The production of a mine is decreasing exponentially,and in the past $5$ years there has been a decline of $18\%$.If production declines by $90\%$,the mine will close.
The equation of production $P$ after $t$ years is given by $P=500+6500e^{-kt}$. Find
(a) the percentage of production decline after $10$ years.
(b) how long it will take for the mine to close.
I am stuck on this exponential decay question. I'v tried to find what $k$ is and substitute this value in to the formula with $t= 10$ years to find $P$ with no success.

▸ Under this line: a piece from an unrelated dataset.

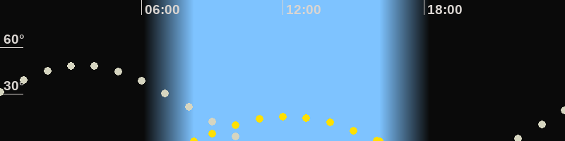 Höchster Sonnenstand (Kulmination)12:10 Uhr (h = 15.9°)
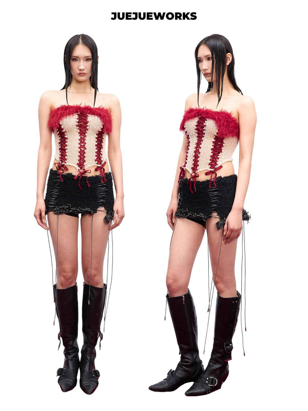 JUEJUEWORKS Hand-Knit Tube Top in Red

I keep getting a negative answer.
I need some help with the working.
It is given that
$\displaystyle P(t) =500+6500e^{-kt}$
Initially when $t = 0$, we have $\displaystyle P(0) = 500 + 6500 = 7000$
After $5$ years, $\displaystyle P(5) = 500+6500e^{-5k} = (1-0.18)*P(0) = 0.82*7000 = 5740$
or, $\displaystyle 6500e^{-5k} = 5740 -500 = 5240$
or, $\displaystyle e^{-5k} = 5740 -500 = \frac{5240}{6500}$
or, $\displaystyle k = \frac{\ln \left(\frac{5240}{6500} \right)}{-5} = 0.04309613571372812633 \approx 0.0431$
(a) After $10$ years
$\displaystyle P(10) = 500+6500e^{-10k} = 4724.2462$
Percentage decline
$\displaystyle \frac{100*(7000 - 4724.2462)}{7000} = 32.5108$
(b) We need to solve the following equation for $t$
$\displaystyle P(t) = 500+6500e^{-0.0431t} = 0.10*7000$
Solving,
$t = 80.7785$
Please check the calculations. Also let me know if you could follow all the steps.